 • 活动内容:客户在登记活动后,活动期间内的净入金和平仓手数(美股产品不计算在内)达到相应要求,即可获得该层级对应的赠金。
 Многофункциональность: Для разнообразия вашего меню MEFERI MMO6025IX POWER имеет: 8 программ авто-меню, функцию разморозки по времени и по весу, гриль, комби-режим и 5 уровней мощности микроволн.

================

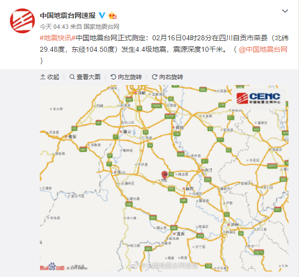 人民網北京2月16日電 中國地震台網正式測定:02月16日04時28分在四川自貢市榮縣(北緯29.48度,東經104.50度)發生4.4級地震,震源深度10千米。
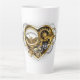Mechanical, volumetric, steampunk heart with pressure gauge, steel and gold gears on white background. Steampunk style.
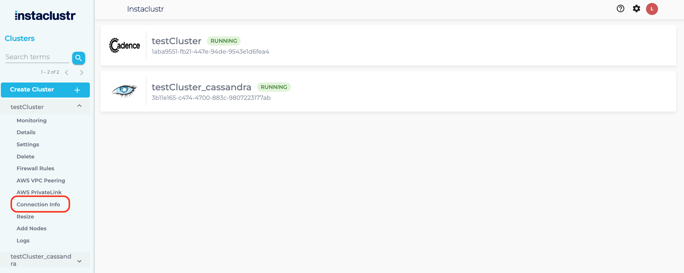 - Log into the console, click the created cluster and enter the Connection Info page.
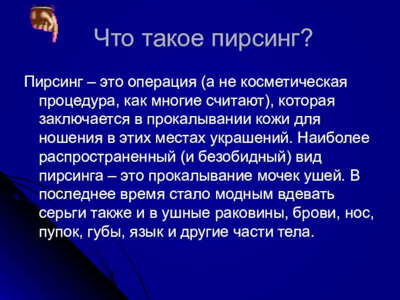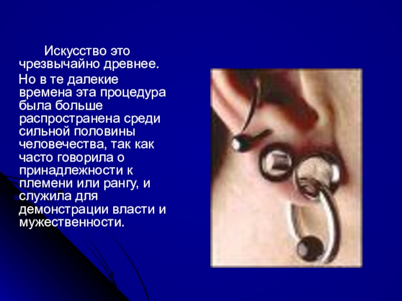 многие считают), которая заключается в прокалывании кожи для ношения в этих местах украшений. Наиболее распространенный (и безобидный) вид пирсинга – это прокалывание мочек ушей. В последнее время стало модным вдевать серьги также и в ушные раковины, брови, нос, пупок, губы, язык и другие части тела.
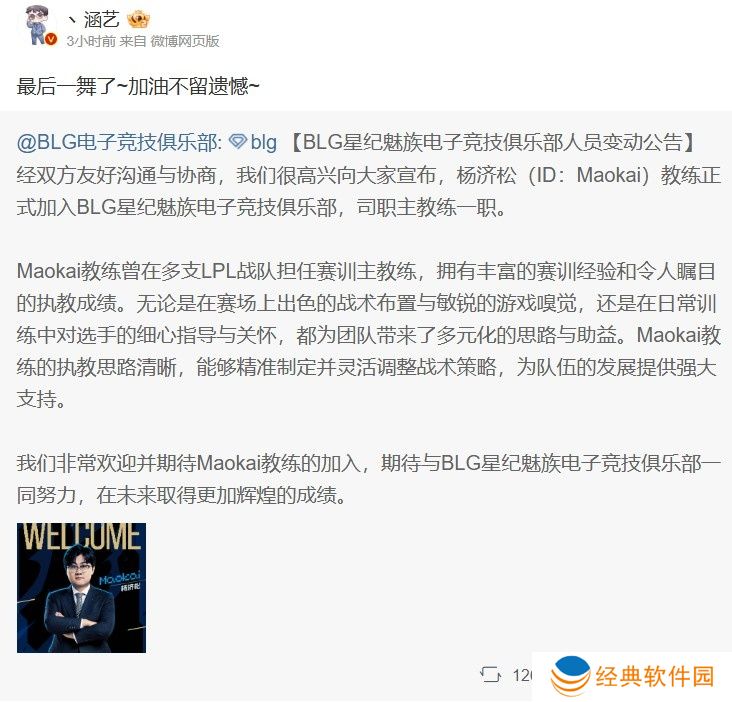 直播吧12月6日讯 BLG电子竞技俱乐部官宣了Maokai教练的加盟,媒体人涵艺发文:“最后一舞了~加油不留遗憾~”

================

How to complete this task: In the listing above, find the line with "Mechanical, volumetric, steampunk" and the line with "直播吧12月6日讯 BLG电". Copy exactly those lines and all between them, minus the images.

Exercise response:
Mechanical, volumetric, steampunk heart with pressure gauge, steel and gold gears on white background. Steampunk style.
 - Log into the console, click the created cluster and enter the Connection Info page.
 многие считают), которая заключается в прокалывании кожи для ношения в этих местах украшений. Наиболее распространенный (и безобидный) вид пирсинга – это прокалывание мочек ушей. В последнее время стало модным вдевать серьги также и в ушные раковины, брови, нос, пупок, губы, язык и другие части тела.
 直播吧12月6日讯 BLG电子竞技俱乐部官宣了Maokai教练的加盟,媒体人涵艺发文:“最后一舞了~加油不留遗憾~”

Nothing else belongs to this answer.